Closed MilesCranmer closed 2 years ago
Another thing to try would be PyJulia. Then much of the Julia backend would get cached, if Python stays open between commands.
The main reason I haven't used PyJulia so far is because of installation issues I've personally experienced (which therefore would likely be experienced by many users who have never used Julia). Another reason is I'm not sure how it would handle distributed computing - where it seems better to launch Julia from the command line normally (which is how PySR works).
Update. This seems to be working. I have the current draft version in the pyjulia
branch. This should mean you can get faster startup time on second call, since you don't need to recompile the Julia backend every single launch - it will just cache the SymbolicRegression.jl from the previous pysr
call.
Edit: confirmed that there is a much faster startup time.
PyJulia is working extremely well, even with distributed computing(!). While PyJulia doesn't even officially support this, it seems to work because the backend handles all distributed processes internally.

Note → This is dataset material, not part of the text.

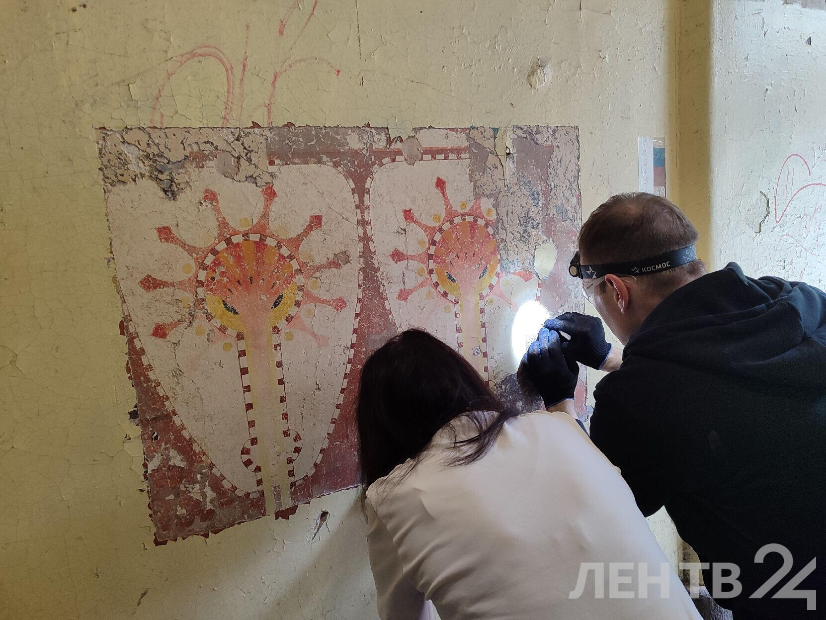 В парадной дома на Ленинградском проспекте в Выборге найдены уникальные росписи начала XX века. На площади метр на метр нарисован орнамент размером с человеческий рост в стиле северный модерн.

I will likely switch the entirety of PySR to PyJulia in a future version. In addition to the reduced startup time from repeat searches, another major advantage is I can finally have state-saving abilities, and store the equations directly in a Python object rather than in a csv file.
This is fixed with v0.7+
I think it would be great to precompile some parts of SymbolicRegression.jl to reduce the startup time of PySR. I think this could help startup time quite significantly.
Tutorial: https://julialang.org/blog/2021/01/precompile_tutorial/